→ **DATA FOR REVIEW**
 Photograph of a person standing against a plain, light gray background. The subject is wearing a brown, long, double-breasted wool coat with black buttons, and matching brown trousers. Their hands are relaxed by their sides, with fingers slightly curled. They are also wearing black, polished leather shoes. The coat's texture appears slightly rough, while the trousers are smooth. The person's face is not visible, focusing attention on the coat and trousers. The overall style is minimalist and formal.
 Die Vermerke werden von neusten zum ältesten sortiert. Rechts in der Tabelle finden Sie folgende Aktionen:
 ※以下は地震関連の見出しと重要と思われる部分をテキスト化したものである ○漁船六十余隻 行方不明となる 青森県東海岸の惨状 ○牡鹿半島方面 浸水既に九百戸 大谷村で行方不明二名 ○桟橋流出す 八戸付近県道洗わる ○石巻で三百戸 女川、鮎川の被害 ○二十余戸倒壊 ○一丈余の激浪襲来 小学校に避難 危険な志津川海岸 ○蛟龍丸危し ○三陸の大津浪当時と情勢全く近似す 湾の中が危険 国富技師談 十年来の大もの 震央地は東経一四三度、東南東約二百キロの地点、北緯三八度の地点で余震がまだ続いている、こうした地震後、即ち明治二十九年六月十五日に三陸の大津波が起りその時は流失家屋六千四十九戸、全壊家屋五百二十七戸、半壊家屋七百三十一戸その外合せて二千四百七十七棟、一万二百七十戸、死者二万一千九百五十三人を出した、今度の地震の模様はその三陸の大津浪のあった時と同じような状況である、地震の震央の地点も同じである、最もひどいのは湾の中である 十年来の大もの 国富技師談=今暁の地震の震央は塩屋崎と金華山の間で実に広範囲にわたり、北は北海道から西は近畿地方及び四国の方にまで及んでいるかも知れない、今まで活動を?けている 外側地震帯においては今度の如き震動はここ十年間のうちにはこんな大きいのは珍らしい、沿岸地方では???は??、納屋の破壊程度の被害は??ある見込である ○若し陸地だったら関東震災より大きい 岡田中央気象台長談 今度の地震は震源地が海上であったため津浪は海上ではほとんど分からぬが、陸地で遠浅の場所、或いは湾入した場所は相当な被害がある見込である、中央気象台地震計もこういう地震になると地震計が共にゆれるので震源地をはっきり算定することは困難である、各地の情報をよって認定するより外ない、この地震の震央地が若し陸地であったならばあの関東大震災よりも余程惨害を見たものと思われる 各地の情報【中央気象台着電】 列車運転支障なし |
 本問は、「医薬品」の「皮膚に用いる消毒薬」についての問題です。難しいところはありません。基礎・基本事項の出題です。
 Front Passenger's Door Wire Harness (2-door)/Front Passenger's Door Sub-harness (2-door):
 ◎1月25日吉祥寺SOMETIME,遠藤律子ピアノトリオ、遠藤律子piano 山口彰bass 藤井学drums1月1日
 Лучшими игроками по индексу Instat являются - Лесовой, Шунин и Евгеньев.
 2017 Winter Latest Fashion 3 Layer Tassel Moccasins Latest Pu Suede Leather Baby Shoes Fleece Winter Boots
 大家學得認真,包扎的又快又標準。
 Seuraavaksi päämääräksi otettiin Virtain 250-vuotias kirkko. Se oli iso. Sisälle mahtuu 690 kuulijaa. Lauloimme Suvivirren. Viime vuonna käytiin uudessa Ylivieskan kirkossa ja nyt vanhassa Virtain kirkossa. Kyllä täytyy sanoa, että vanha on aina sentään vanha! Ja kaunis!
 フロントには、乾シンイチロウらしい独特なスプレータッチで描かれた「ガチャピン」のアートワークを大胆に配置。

→ **WHAT IS BEING ASKED**
In the listing above, locate the line containing "Front Passenger's Door Wire" and the line containing "大家學得認真,包扎的又快又標準。", then transcribe both and every line between them verbatim.

→ **RESULT**
 Front Passenger's Door Wire Harness (2-door)/Front Passenger's Door Sub-harness (2-door):
 ◎1月25日吉祥寺SOMETIME,遠藤律子ピアノトリオ、遠藤律子piano 山口彰bass 藤井学drums1月1日
 Лучшими игроками по индексу Instat являются - Лесовой, Шунин и Евгеньев.
 2017 Winter Latest Fashion 3 Layer Tassel Moccasins Latest Pu Suede Leather Baby Shoes Fleece Winter Boots
 大家學得認真,包扎的又快又標準。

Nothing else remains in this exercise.